La documentazione richiesta nel corso dell’attività ispettiva è in linea generale la seguente:
◼ Organigramma dell’ente
◼ Registro dei trattamenti (art. 30 GDPR)
◼ Distribuzione di ruoli e responsabilità in materia di protezione dei dati personali
◼ Nomina del DPO (se ricorrono i presupposti)
◼ Elenco aggiornato dei responsabili esterni del trattamento (art. 28)
◼ Formazione, istruzione delle persone autorizzate al trattamento (eventuali nomine) e abilitazioni sui sistemi informatici, nonché registrazione degli accessi degli utenti autorizzati (file di log)
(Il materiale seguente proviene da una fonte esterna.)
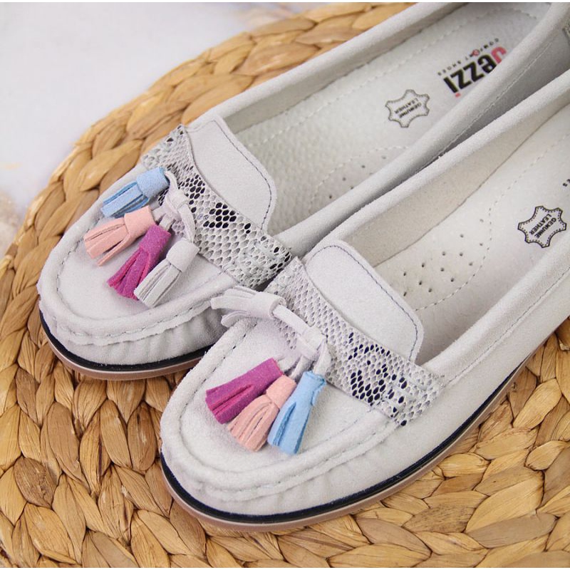 Jezzi W JEZ328B Mokassins mit Fransen in elegantem Grau sind die perfekte Wahl für jede Frau, die Komfort mit modischem Stil verbinden möchte. Diese Halbschuhe sind perfekt für Sommertage und bieten Komfort und Bewegungsfreiheit.
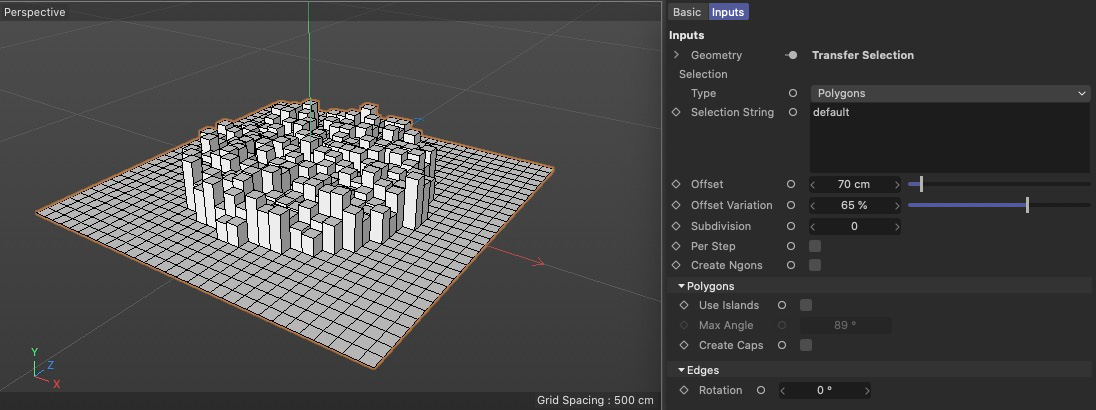 Questo Nodo può essere utilizzato per estrudere punti, bordi o poligoni. Questa funzione riflette in gran parte il comando di modellazione che porta lo stesso nome nel menu Mesh.

◼ Copia delle informative rilasciate ai sensi degli artt. 13 e 14 del GDPR e procedure adottate ai fini della gestione dei diritti degli interessati
◼Tempo di conservazione dei dati personali
◼ Misure di sicurezza implementate
◼ Valutazione di Impatto (art. 35)
Quali saranno le sanzioni applicabili?
Il sistema sanzionatorio è disciplinato all’art. 83 “Condizioni generali per infliggere sanzioni amministrative pecuniarie” e all’art. 84 “Sanzioni” del GDPR. Sono previste:
sanzioni fino a 10.000.000 di euro o fino al 2% del fatturato delle imprese, per le violazioni relative agli obblighi di titolari e responsabili, alla materia delle certificazioni, e a quella dei codici di condotta;
sanzioni fino a 20.000.000 di euro o fino al 4% del fatturato delle imprese, per la violazione dei principi di base del trattamento, dei diritti degli interessati, delle norme sui trasferimenti di dati, delle norme interne per particolari trattamenti, e per l’inosservanza di ordini dell’Autorità.
E’ opportuno evidenziare che la normativa italiana di adeguamento in materia di protezione dati personali prevede altresì sanzioni di natura penale, con riferimento alle seguenti fattispecie di reato: illecito trattamento dei dati; comunicazione e diffusione illecita di dati personali oggetto di trattamento su larga scala; acquisizione fraudolenta di dati personali oggetto di trattamento su larga scala; falsità nelle dichiarazioni al garante e interruzione dell’esecuzione dei compiti o dell’esercizio dei poteri del Garante; inosservanza dei provvedimenti del Garante; violazioni delle disposizioni in materia di controllo a distanza e indagini sulle opinioni dei lavoratori (art. 4 legge 300).
I Comuni e le pubbliche amministrazioni, pertanto, non possono assolutamente trattare con superficialità questi temi e affrontare grossolanamente questi potenziali rischi: ci sono hacker specializzati, in grado di scovare le falle informatiche, ma anche persone comuni e senza competenze tecniche capaci di captare dati e informazioni non dai sistemi informatici, bensì dai comportamenti negligenti dei dipendenti comunali stessi. L’Autorità Garante è stata chiara, i controlli saranno sempre più frequenti e anche il tempo di clemenza per le sanzioni è definitivamente finito.